Rezension

Ärzte, die Mut machen

Patient meines Lebens - Bernhard Albrecht

Patient meines Lebens
von Bernhard Albrecht

Bewertet mit 3.5 Sternen

Bernhard Albrecht hat für Geo Reportagen geschrieben, die den Serientitel "Patient meines Lebens" trugen, den man auch als Titel des Buches genutzt hat. Um genauer zu beschreiben, worum es in dem Buch geht, wurde der Untertitel "Von Ärzten, die alles wagen" hinzugesetzt. Für mich eigentlich bereits das negativste, was ich über das Buch sagen kann. Ich finde nämlich, dass Titel und Untertitel in die Irre führen: Das Buch handelt von Ärzten und Patienten, ja, aber es ist glücklicherweise weniger reißerisch und dafür viel menschlicher als der Titel mir suggeriert hat. Aber von vorne.

In neun Kapiteln berichtet Albrecht von Patienten und ihren Ärzten, die Extremsituationen erleiden mussten. Und obwohl die Ärzte bisher geltende Grenzen nicht immer beachtet haben, konnte nicht allen schließlich geholfen werden, so viel sei verraten. Die Berichte haben immer einen Patienten im Mittelpunkt. Um dessen Geschichte herum berichtet Albrecht davon, wie die Medizin in der Regel mit solchen "Fällen" umgeht und was in diesem konkreten Fall anders passiert ist, sei es geplant, sei es spontan abgelaufen. Es geht um HIV, um Frühgeborene, um Suizid, um körperliche Entstellungen, um lebensbedrohliche Erkrankungen, um Unfälle. Es geht Albrecht dabei immer um die Menschen, nicht bloß um die Medizin.

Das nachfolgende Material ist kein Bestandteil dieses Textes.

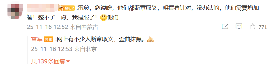 对此,雷军也指出,“网上有不少人断章取义、歪曲抹黑”,并强调,“安全是基础,安全是前提”、“安全高于一切”。
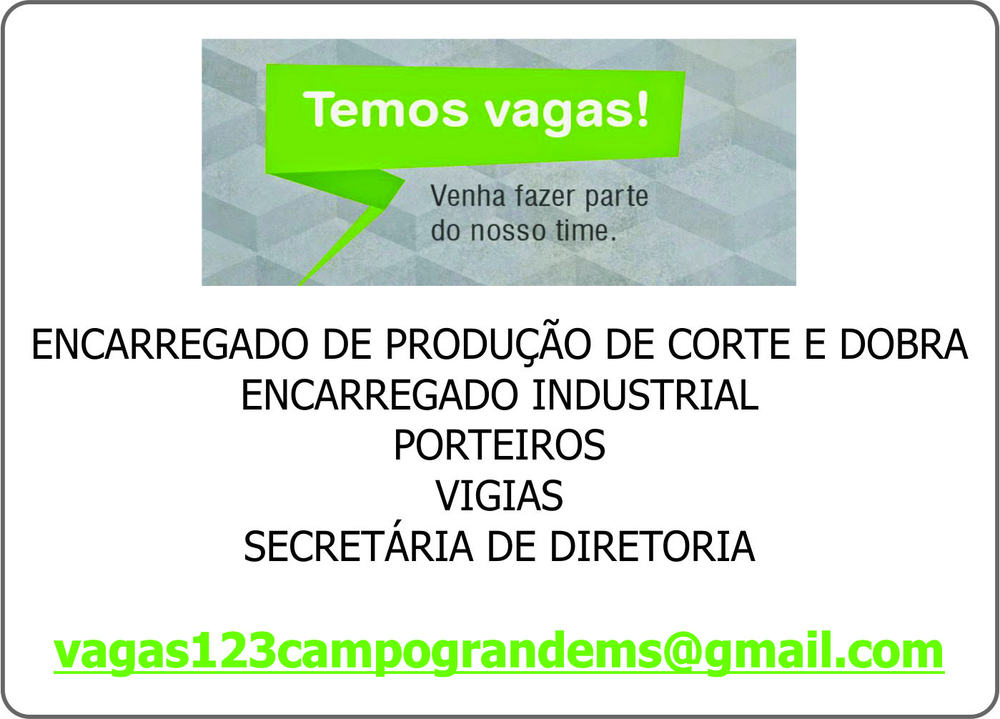 ENCARREGADO DE PRODUÇÃO DE CORTE E DOBRA / ENCARREGADO INDUSTRIAL / PORTEIROS/VIGIAS / SECRETÁRIA DE DIRETORIA
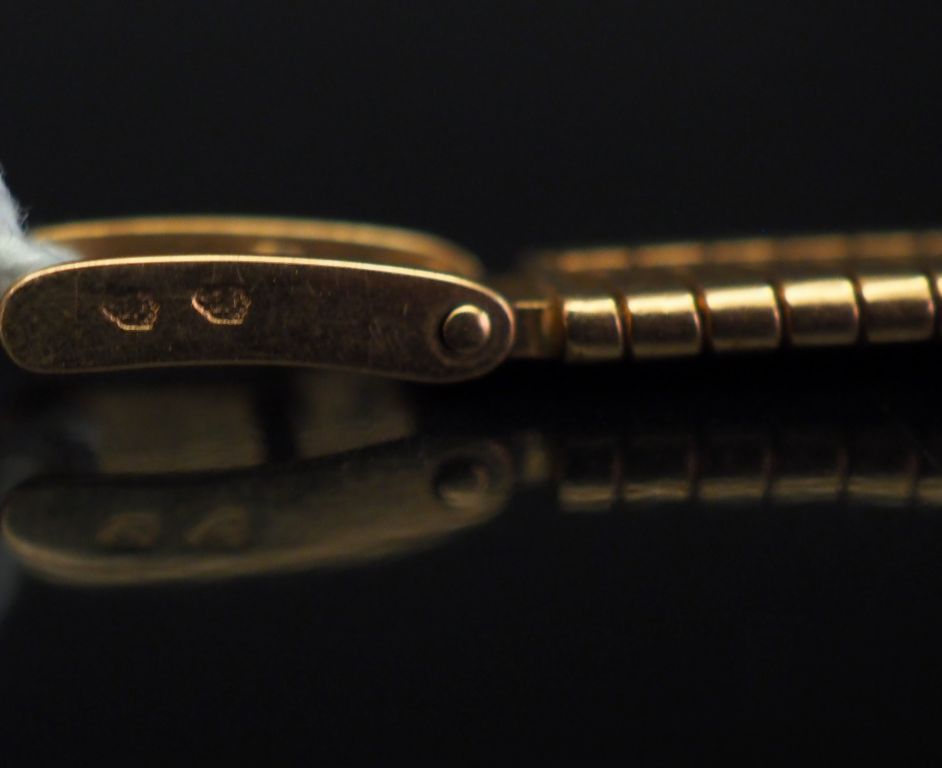 Montre bracelet de dame, boiter et bracelet or jaune. Cadran rond à chiffres arabes et index batons pour les heures. Bracelet articulé maille plate. Long. 17,5 cm Poids tel. 20,47 g

Beeindruckend empfand ich die "Moral" in "Neue Füße": Der Arzt ist nur bis zu einem gewissen Punkt zuständig, mit dem Ergebnis leben muss der Patient. Diese Erkenntnis bleibt für mich auch als eine der wichtigsten des Buches, sie findet sich z. B. auch in "Atmen" und "Ruhm", wenn auch nicht so direkt ausgesprochen. Körperlich geheilt heißt nicht immer gleich glücklich und gesund. Etwas, dass vielleicht auch mancher Arzt noch lernen sollte...? Eine andere wichtige Feststellung lehren "Aussatz" und "Neue Füße": Gesundheit, körperliche Unversehrtheit hängt auch immer vom Wohnort ab. Nur wo es Ärzte gibt, die eine Krankheit erkennen und behandeln können, können Menschen mit seltenen Erkrankungen Hilfe finden. Manchmal kann die erschreckend einfach sein, wenn man bedenkt, wielange die Patienten vorher leiden mussten.

Wichtig und sinnvoll fand ich das Vorwort von Bernhard Albrecht, in dem er seine Motivation darstellt, aus der er erst die Geo-Kolumnen, dann das Buch verfasst hat. Auch er hatte als Arzt einen Patienten, dem er nicht helfen konnte, weil er und Kollegen nicht erkannten, woran dieser litt. Erst durch andere Fallberichte - einer davon steht als "Fallsucht" aufgearbeitet im vorliegenden Buch - hat er nachträglich verstanden, worunter dieser vermutlich litt. Vermeintlich seltene "Fälle" bekannt zu machen, ohne lange medizinische Daten zu sammeln, kann auch helfen, überhaupt erst andere Patienten mit denselben Symptomen ausfindig zu machen.

Bücher, die aus zusammengestellten Reportagen bestehen, sind eigentlich nicht meins. Ich würde sie mir eher nicht kaufen und wohl auch eher nicht verschenken. Dieses habe ich dennoch mit Gewinn gelesen. Nach Reportagen von Bernhard Albrecht werde ich zukünftig Ausschau halten.